____ DATA RECORDS

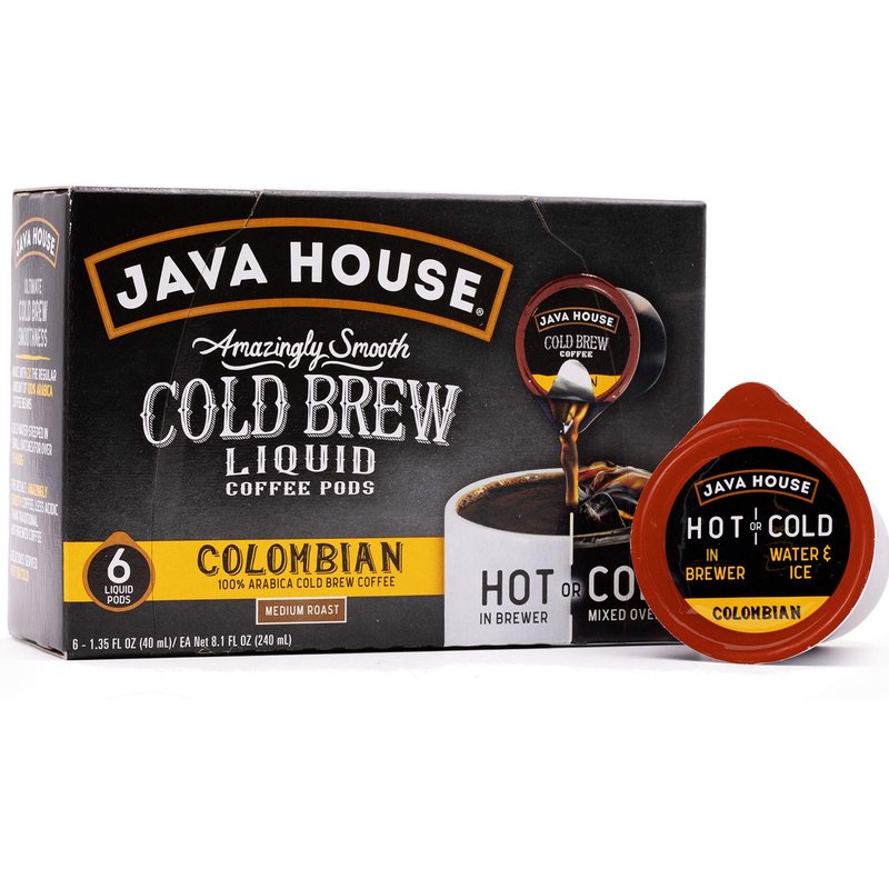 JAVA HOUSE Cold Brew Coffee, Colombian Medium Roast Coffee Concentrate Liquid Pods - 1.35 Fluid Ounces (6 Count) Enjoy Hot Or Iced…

________
____ DATA RECORDS

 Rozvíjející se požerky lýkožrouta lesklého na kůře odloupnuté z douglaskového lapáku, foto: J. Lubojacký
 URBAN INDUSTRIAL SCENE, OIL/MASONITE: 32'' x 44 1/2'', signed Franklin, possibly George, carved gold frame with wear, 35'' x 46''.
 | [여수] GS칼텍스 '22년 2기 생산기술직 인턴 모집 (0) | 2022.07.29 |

________

Please transcribe exactly the lines above from the line that has "Rozvíjející se požerky" up to and including the line that has "(0) | 2022.07.29 |"; no other line belongs in the answer.

ANSWER TO THE EXERCISE.
 Rozvíjející se požerky lýkožrouta lesklého na kůře odloupnuté z douglaskového lapáku, foto: J. Lubojacký
 URBAN INDUSTRIAL SCENE, OIL/MASONITE: 32'' x 44 1/2'', signed Franklin, possibly George, carved gold frame with wear, 35'' x 46''.
 | [여수] GS칼텍스 '22년 2기 생산기술직 인턴 모집 (0) | 2022.07.29 |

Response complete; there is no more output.